French film director (1933–2004)

Philippe Claude Alex de Broca de Ferrussac (/fr/; 15 March 1933 – 26 November 2004) was a French film director.

He directed 30 full-length feature films, including the highly successful That Man from Rio (L'Homme de Rio), The Man from Acapulco (Le Magnifique) and On Guard (Le Bossu). His works include historical, romantic epics such as Chouans! and King of Hearts (Le Roi de cœur), as well as comedies with a charismatic, breezy hero ready to embark upon any adventure which comes his way, so long as it means escaping everyday modern life: Practice Makes Perfect (Le Cavaleur), The Devil by the Tail (Le Diable par la queue), The African (L'Africain). His frequent collaborators included actors Jean-Paul Belmondo - who starred in six of his films - Jean-Pierre Cassel, Philippe Noiret and Jean Rochefort.

== Biography ==
Philippe de Broca was born on 15 March 1933 in Paris. He was the son of a cinema set designer and the grandson of a well-known painter, Alexis de Broca. He studied at the Paris Photography and Cinematography School (école Vaugirard), graduating in 1953. He carried out his military service with the French Army's service cinématographique des armées (army film service) in Germany and then in Algeria, directing or acting as head cameraman on short films. Greatly affected by the war he witnessed in Algeria, he vowed to show life in its best light in his future films "because laughter is the best defence against upsets in life". After his discharge from the military, he set off on a journey taking in the length of Africa in Berliet trucks before returning to Paris.

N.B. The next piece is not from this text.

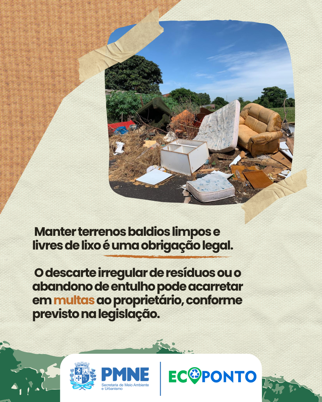 A Prefeitura Municipal de Nova Esperança, por meio da Secretaria de Meio Ambiente e Urbanismo, reforça a importância do descarte correto de resíduos e a manutenção de terrenos limpos — ações fundamentais para garantir uma cidade mais saudável, segura e livre de focos de doenças.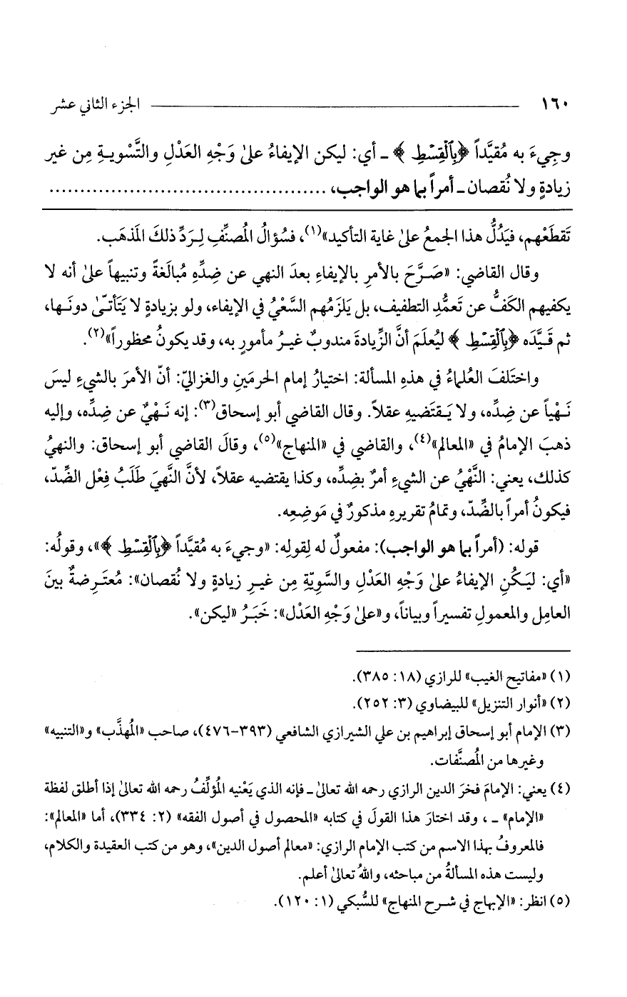 وقال القاضي: "صرح بالأمر بالإيفاء بعد النهي عن ضده مبالغة وتنبيهاً على أنه لا يكفيهم الكف عن تعمد التطفيف، بل يلزمهم السعي في الإيفاء، ولو بزيادة لا يتأتى دونها، ثم قيده (بِالْقِسْطِ) ليعلم أن الزيادة مندوب غير مأمور به، وقد يكون محظوراً".

He began working as an intern with Henri Decoin, before finding assistant positions with Claude Chabrol: Bitter Reunion (Le Beau Serge), The Cousins (Les Cousins), Web of Passion (À Double Tour), François Truffaut: The 400 Blows (Les 400 Coups) and Pierre Schoendoerffer: Ramuntcho. In 1959, Claude Chabrol produced de Broca's first film for him, The Love Game (Les jeux de l'amour) with Jean-Pierre Cassel. De Broca went on to work with Cassel again in The Joker (Le Farceur, 1960), Five Day Lover (L'Amant de cinq jours, 1961), and Male Companion (Un Monsieur de Compagnie, 1964).

De Broca's first commercial success came with Swords of Blood (Cartouche), filmed in 1962. This film also saw two more names become associated with de Broca: the actor Jean-Paul Belmondo and the producer Alexandre Mnouchkine. International acclaim came with That Man from Rio (L'Homme de Rio) in 1964, Up to His Ears (Les tribulations d'un Chinois en Chine) in 1965, The Man from Acapulco (Le Magnifique) in 1973 and Incorrigible (L'Incorrigible) in 1975.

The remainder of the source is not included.